[Opgaaf ter verklaring]
Onderstaande opgaaf ter verklaring wordt ons toegezonden als afkomstig aan een examen. We aarzelen te gelooven, dat dit dwaze stuk in vollen ernst heeft moeten dienen om de taalkundige kennis der candidaten te beoordeelen.
Bovendien veroorlooft hij zich glossen in zaken, waarin niemand hem als goeman heeft geroepen. Gisteren zag hij mij met eene fiool in de hand, waaruit ik nu en dan inneem tegen het flerecijn. In een amerij schoot hij op mij aan als een daas en zei, terwijl hij zijne daluwe lippen plooide tot een alikruik: ‘Piet je moest een dol door den deuwik blauwen, om je dat feppen af te wennen.’ Komaan, denk ik, oude fun, als jij een flits tegen mij los laat, dan mag ik je wel een beetje foolen. Wel zeg ik, met den effer zou men altijd nog een glop kunnen maken. Was 't niet veel secuurder een gabel op te slaan voor elke taveerne, en bij ieder zoo'n deunen, beurschen, falievouwer op schildwacht te zetten, gewapend met een gisp, of desnoods met een bardezaan of een dag; die konden dan alle blagen en binkjedraaiers, nusselaars en feppers, die voor 't graveel of voor de pieren een graantje dachten te pikken, eerst eens naar hartelust doorreutelen; hadden ze dan nog flousen, dan konden ze geblouwd worden, tot ze de muizenissen van de melterij kwijt waren.
De Sofocles van 't Grieksche schouwtooneel, schoeit hier op nieuw zijn afgelegde broozen.
Terwijl ik op den enk liep, zag ik de hooiers in de delle, en de spijbelaars in den bongerd.
Hoe staat gij zoo te ginnegabben; ik zeg het niet om te joken, gij moogt uw habijt wel wat scharielen, uwe doffen zijn geheel lebbig.
Bij de glinting hang eene flouw, en onder het gate plateel heb ik een fluwijn zien sluipen.
Heb gij den belderom wel gezien?

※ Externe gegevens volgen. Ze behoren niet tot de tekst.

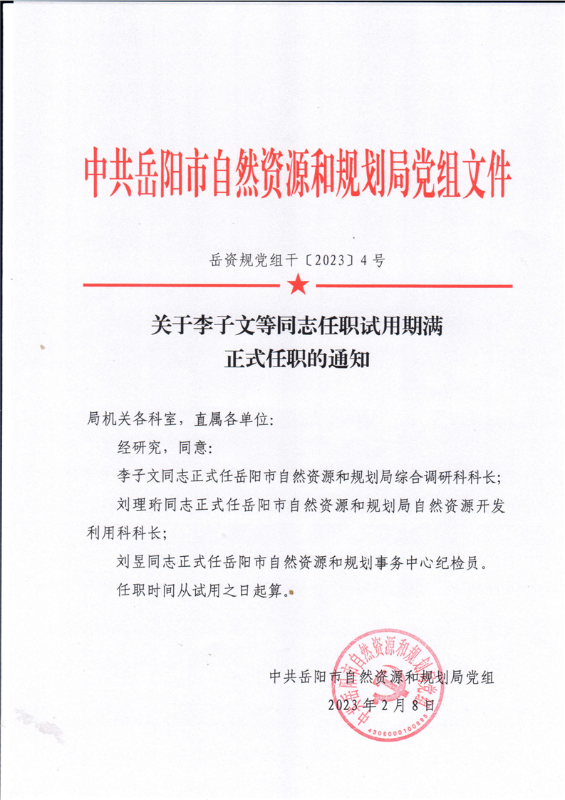 关于李子文等同志任职试用期满正式任职的通知
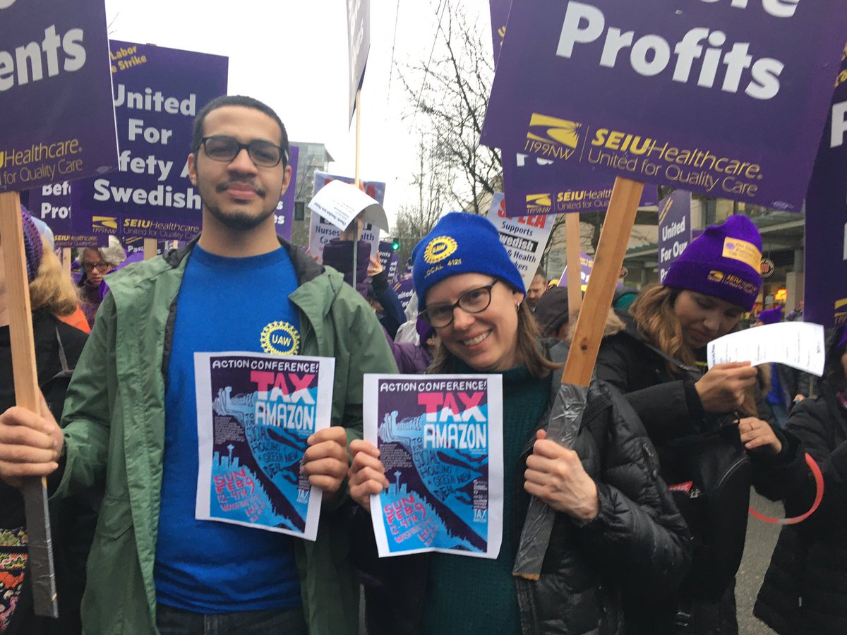 #TaxAmazon stands in solidarity with@SEIU1199NW workers on strike! Your struggle is intimately connected to our fight for#affordablehousing. Workers have the right to live in the city we work in!#UnitedForSafetyatSwedish pic.twitter.com/Ms2giMsNYx
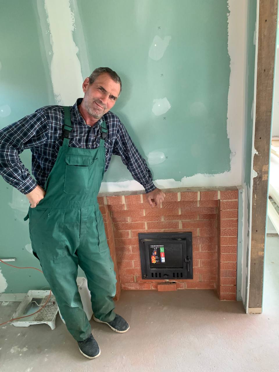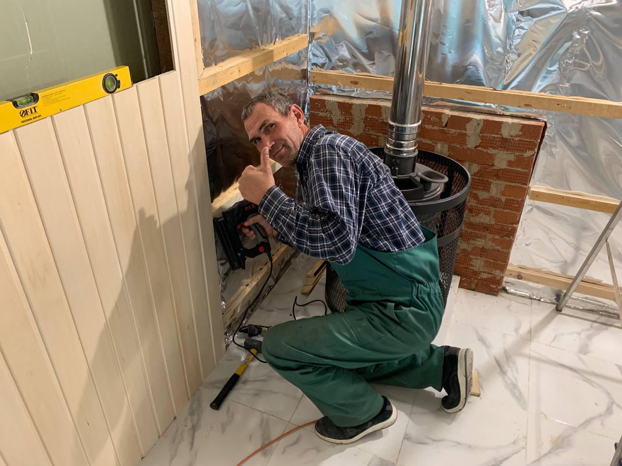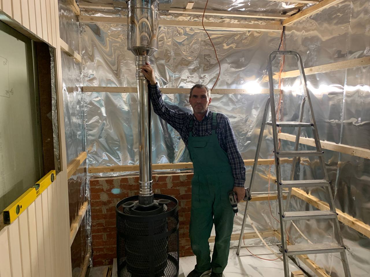 Монтаж банной GFS с установка дымохода, кладка портала
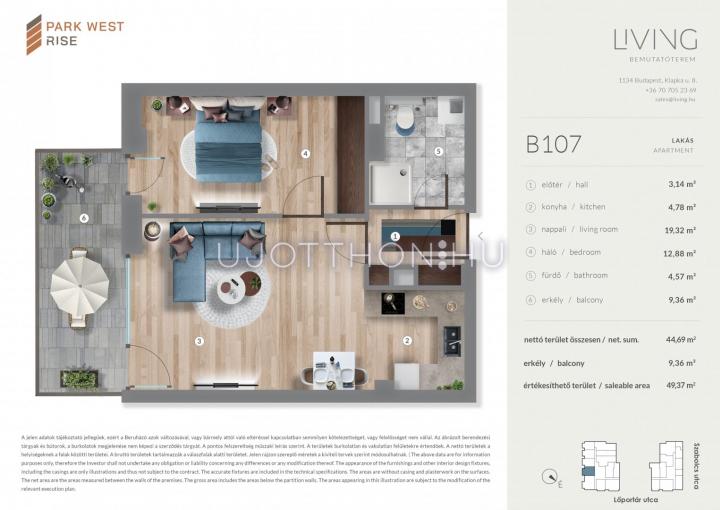 2 szobás 44 m2-es Lakás Park West Rise - Budapest XIII. kerület, Angyalföld, Szabolcs utca 15

Die werd niet met enkel duist gevoed.
Wij zitten hier goed onder de prezenning, die met een stuk greling aan twee boomen bevestigd is.
Het onzinnige der opgaaf blijkt daaruit, dat verouderde woorden uit verschillende eeuwen, uitdrukkingen aan de platste volkstaal uit onzen tijd, woorden uit eenig dialect en woorden uit de hoogere schrijftaal broederlijk naast elkander staan, zoodat dit stuk - een taalkundige lappendeken - niets anders is dan speelwerk en dus hoogstens als een spelletje kan beschouwd worden, om allerlei ongebruikelijke woorden in een schijnbaar samenhangend geheel bijeen te brengen.